Quote the lines of the data below verbatim, beginning at the line that contains "Luke Hannam hosted" and ending at the last line, both included, and excluding pictures.

Given material:
|---|

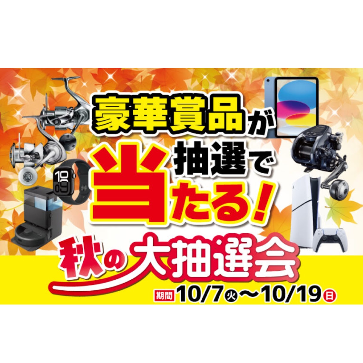【~19(日)】豪華景品が抽選で当たる!🎯秋の大抽選会...
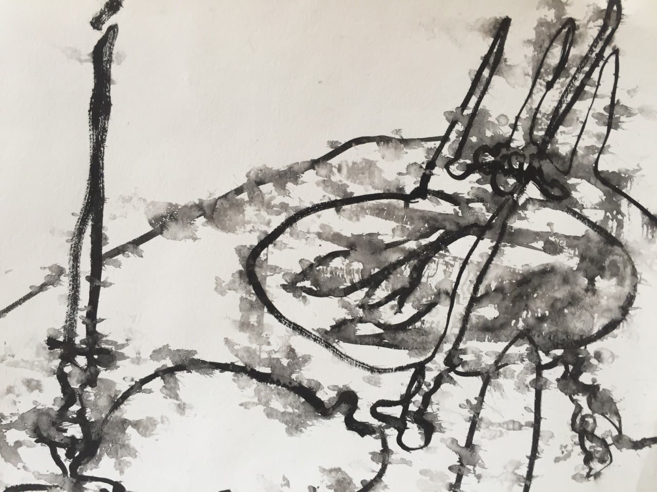 Luke Hannam hosted an outside drawing group in an open sided barn at ‘Tillingham Wines’, we continued drawing through a storm one evening with rain splattered ink and soggy paper. Nick Archer created ‘Art Classes in Rye’ by Zoom, printing without a press was my favourite block.
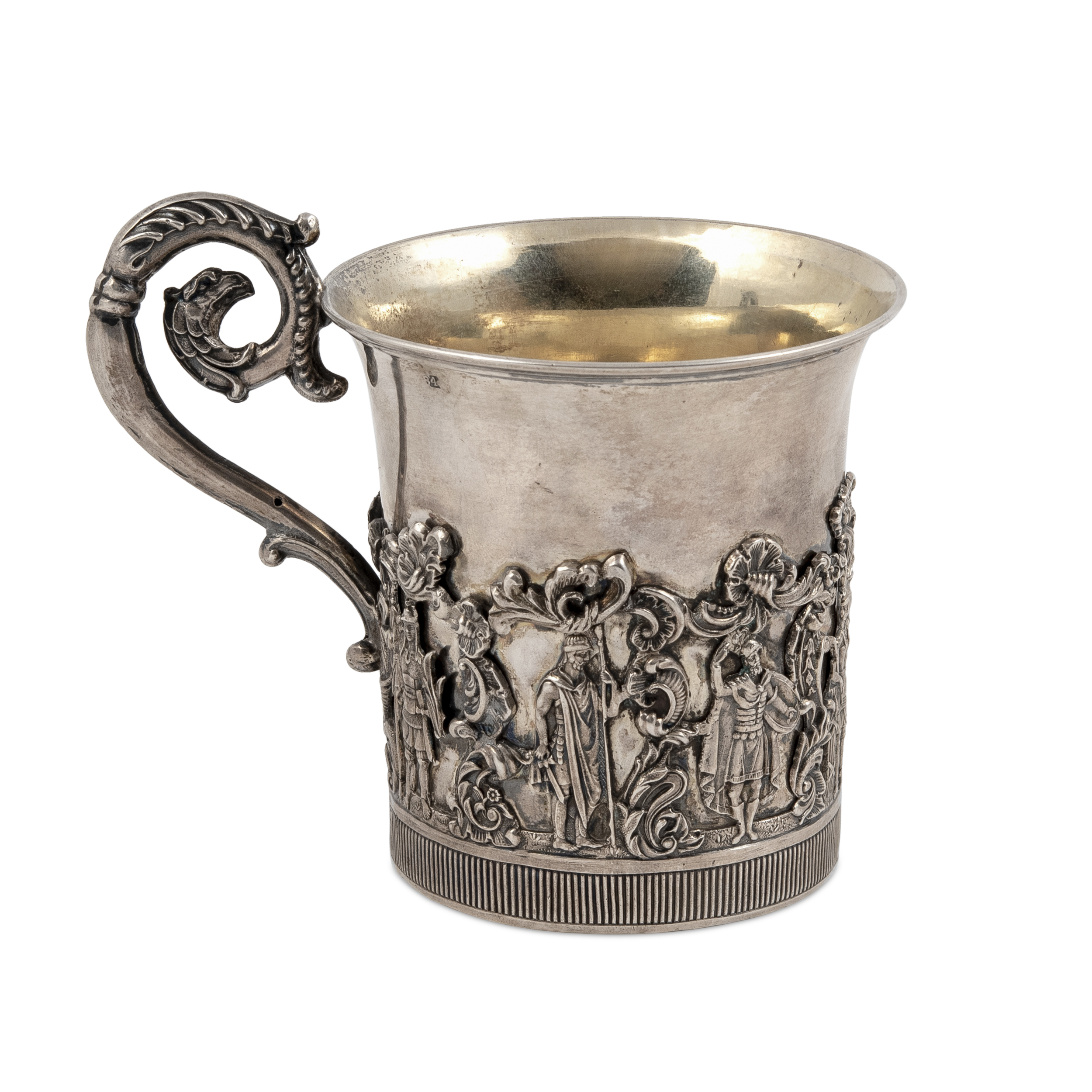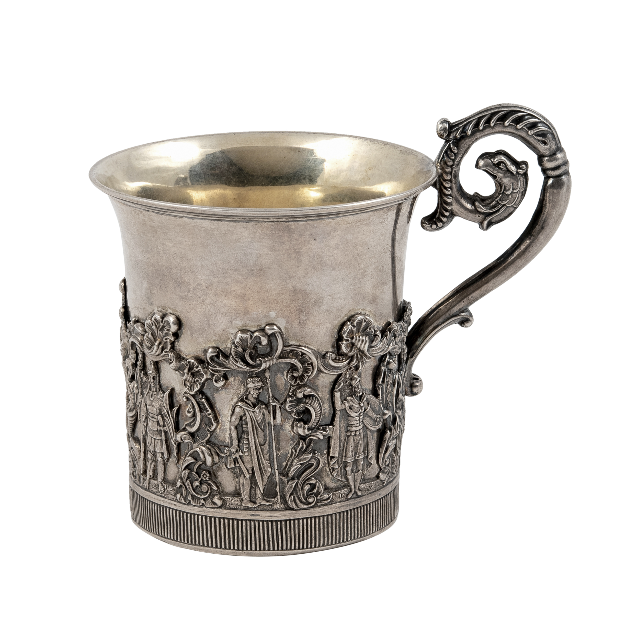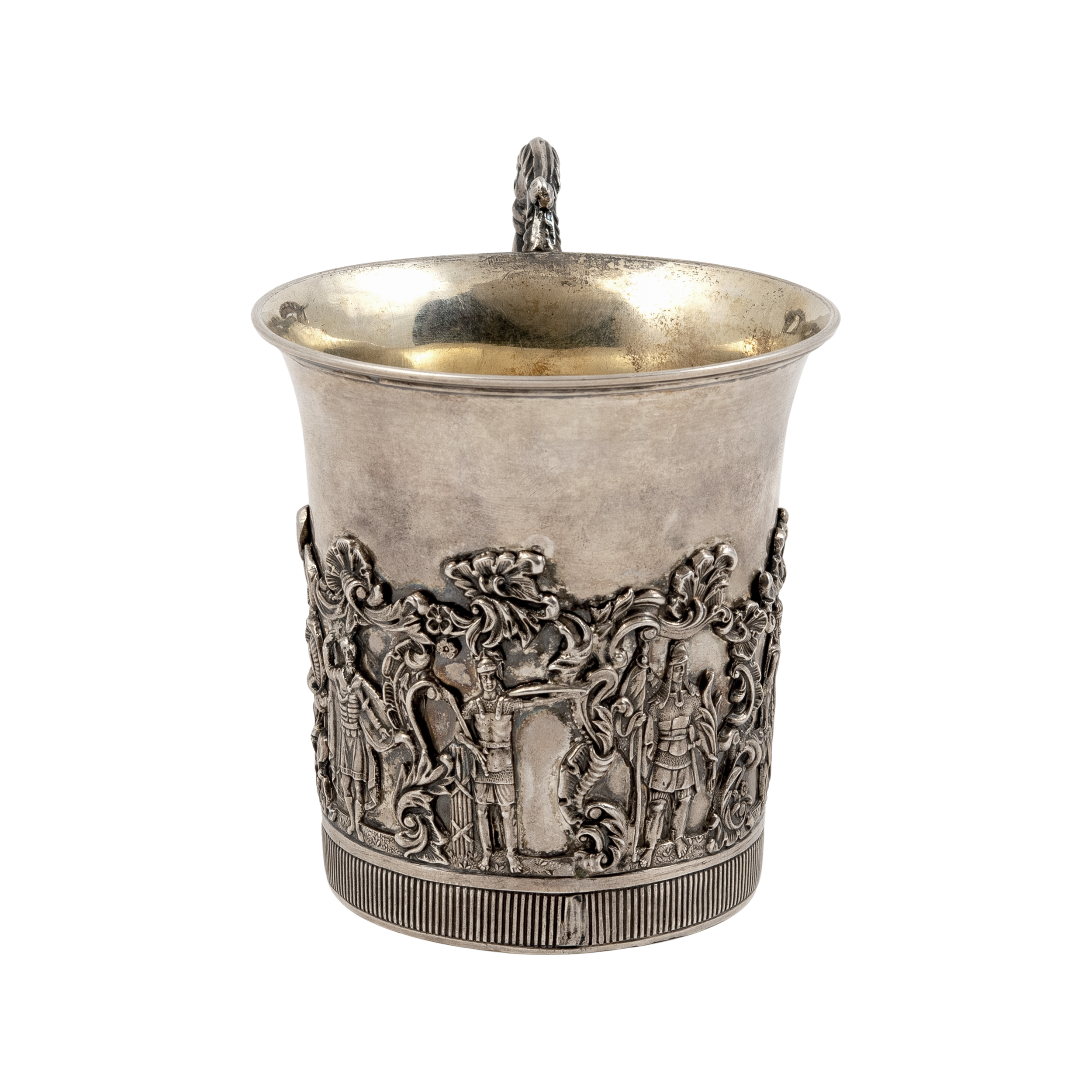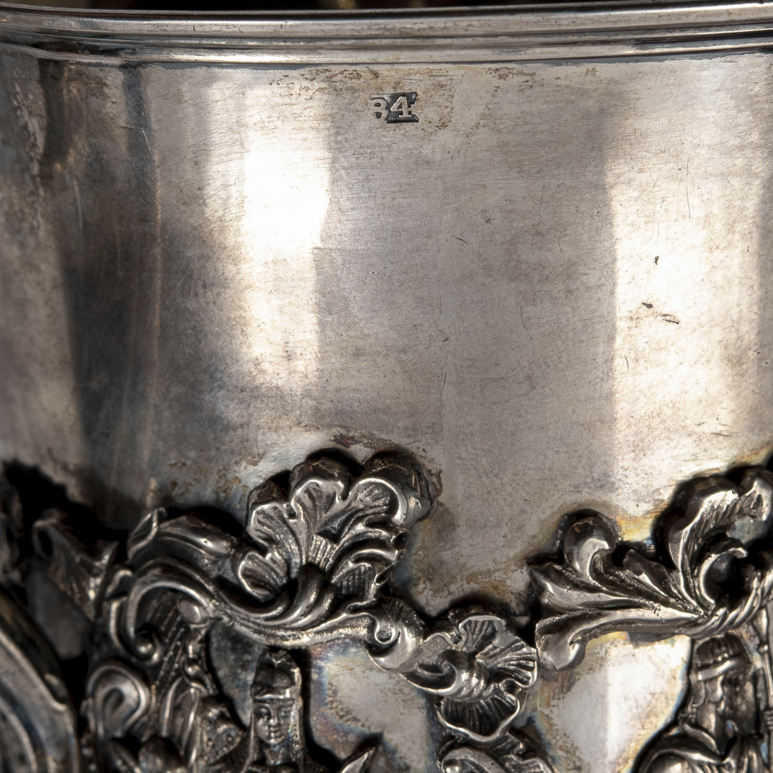 Клейма: 84 пробы с гербом Москвы «Георгий Победоносец», с инициалами пробирного мастера «Н.Д» над датой «1839» Дубровина Николая Лукича (1822-1855 гг.); именник «HГ» в прямоугольном щитке, неизвестный мастер (1835-1840 гг.);

|---|

Answer to the exercise:
 Luke Hannam hosted an outside drawing group in an open sided barn at ‘Tillingham Wines’, we continued drawing through a storm one evening with rain splattered ink and soggy paper. Nick Archer created ‘Art Classes in Rye’ by Zoom, printing without a press was my favourite block.
 Клейма: 84 пробы с гербом Москвы «Георгий Победоносец», с инициалами пробирного мастера «Н.Д» над датой «1839» Дубровина Николая Лукича (1822-1855 гг.); именник «HГ» в прямоугольном щитке, неизвестный мастер (1835-1840 гг.);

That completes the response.